As previously disclosed, Augustine and Red Pine have entered into an arrangement agreement (the "Arrangement Agreement") dated November 14, 2016 pursuant to which Red Pine will acquire all of the outstanding securities of Augustine under the Arrangement, subject to the terms and conditions of the Arrangement Agreement. Upon completion of the Arrangement, Augustine will become a wholly-owned subsidiary of Red Pine and Red Pine will carry on the business of the combined companies after changing its name to "Wawa Gold Inc." (or such other name as the Board of Directors of Red Pine may approve) and reorganizing its board of directors (referred to in the press release of December 16, 2016 as the "Resulting Issuer").
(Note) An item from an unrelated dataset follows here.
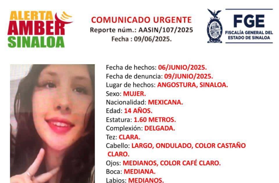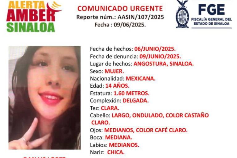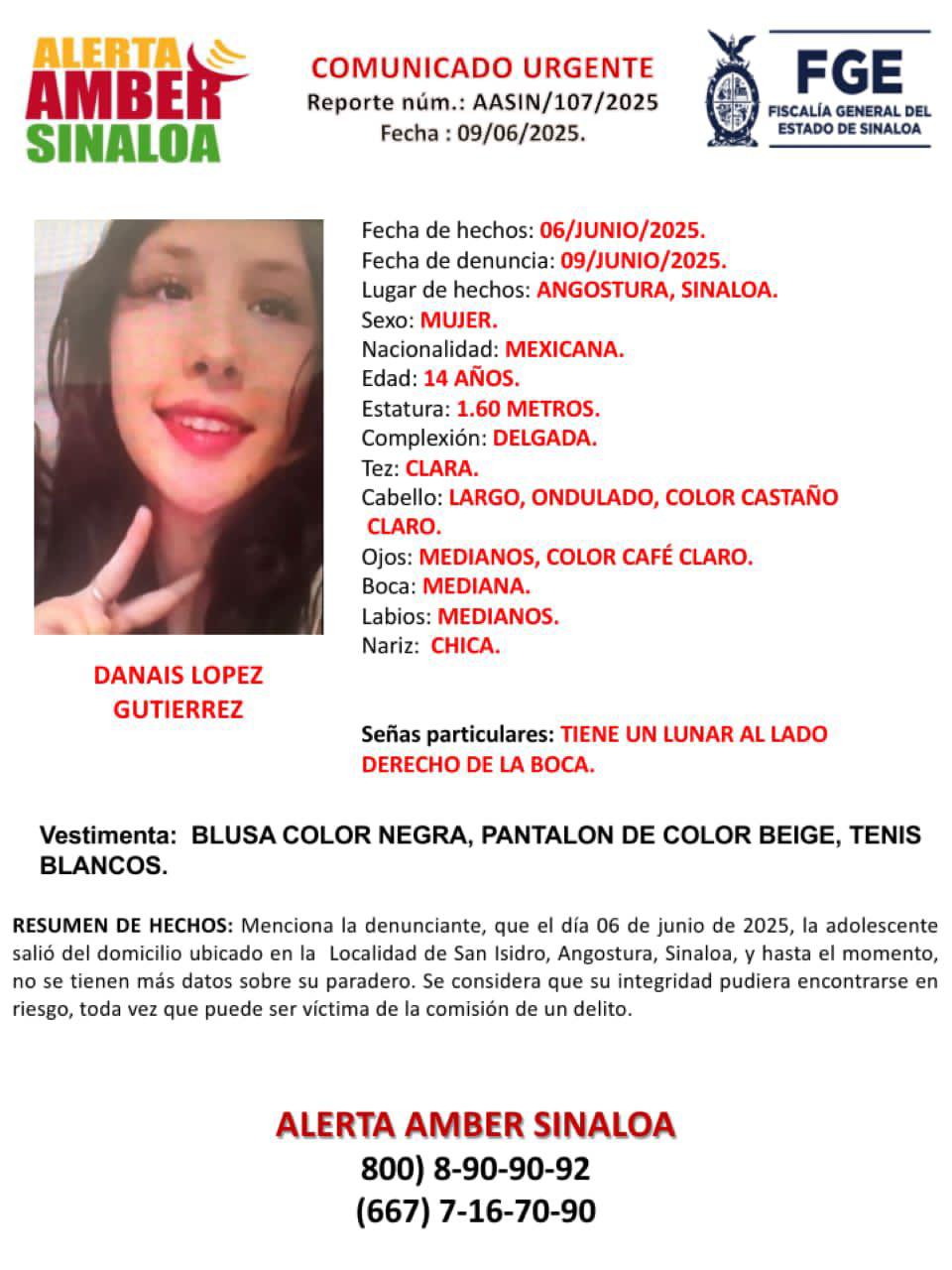ANGOSTURA . _ La Fiscalía General del Estado de Sinaloa activó la Alerta Amber para localizar a Danais “N”, una adolescente de 14 años de edad, reportada como desaparecida desde el pasado 6 de junio en la localidad de San Isidro, municipio de Angostura.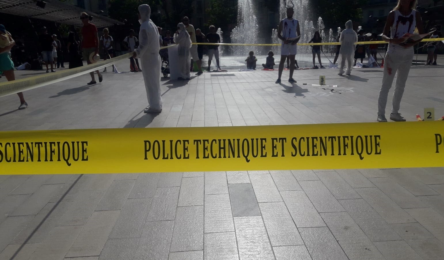 La manifestation s’est poursuivie par la reconstitution symbolique d’une scène de crime. Au sol, des silhouettes symbolisant les victimes et les armes, réelles et non factices, utilisées au cours des corridas pour torturer et mettre à mort les taureaux : une pique (dont nous avons oublié d’enlever le capuchon protecteur !), des banderilles, une épée et un poignard. Au centre, 4 militants-taureaux, habillés en blanc pour symboliser l’innocence et la paix, ont effeuillé, l’un après l’autre, la plainte douloureuse d’un taureau supplicié dans une arène.

Under the Arrangement Agreement, the parties have agreed that each Augustine common share will be exchanged for 0.76 Red Pine common shares (the "Exchange Ratio"). Pursuant to the Arrangement, the holders of common shares of Augustine outstanding at the time of completion of the Arrangement will receive Resulting Issuer common shares ("Resulting Issuer Shares") based on the Exchange Ratio and all of the currently outstanding warrants and stock options of Augustine will be exercisable pursuant to the terms of such warrants and stock options for common shares of the Resulting Issuer with the number of shares issuable and the exercise price adjusted based on the Exchange Ratio, subject to approval of the TSX Venture Exchange (the "TSXV").

The completion of the Arrangement is subject to certain conditions, including a final order of the Court, final acceptance by the TSX-V, and certain other closing conditions customary in transactions of this nature. Augustine plans to apply to the Court for the final order approving the Arrangement at 10:00 a.m. (ET) on February 1, 2017. If all necessary approvals are obtained and the conditions to the completion of the Arrangement are satisfied or waived, it is currently anticipated that the Arrangement will be completed on or about February 1, 2017. The Arrangement cannot close until the required conditions are satisfied or waived, and there can be no assurance that the Arrangement will be completed as proposed or at all.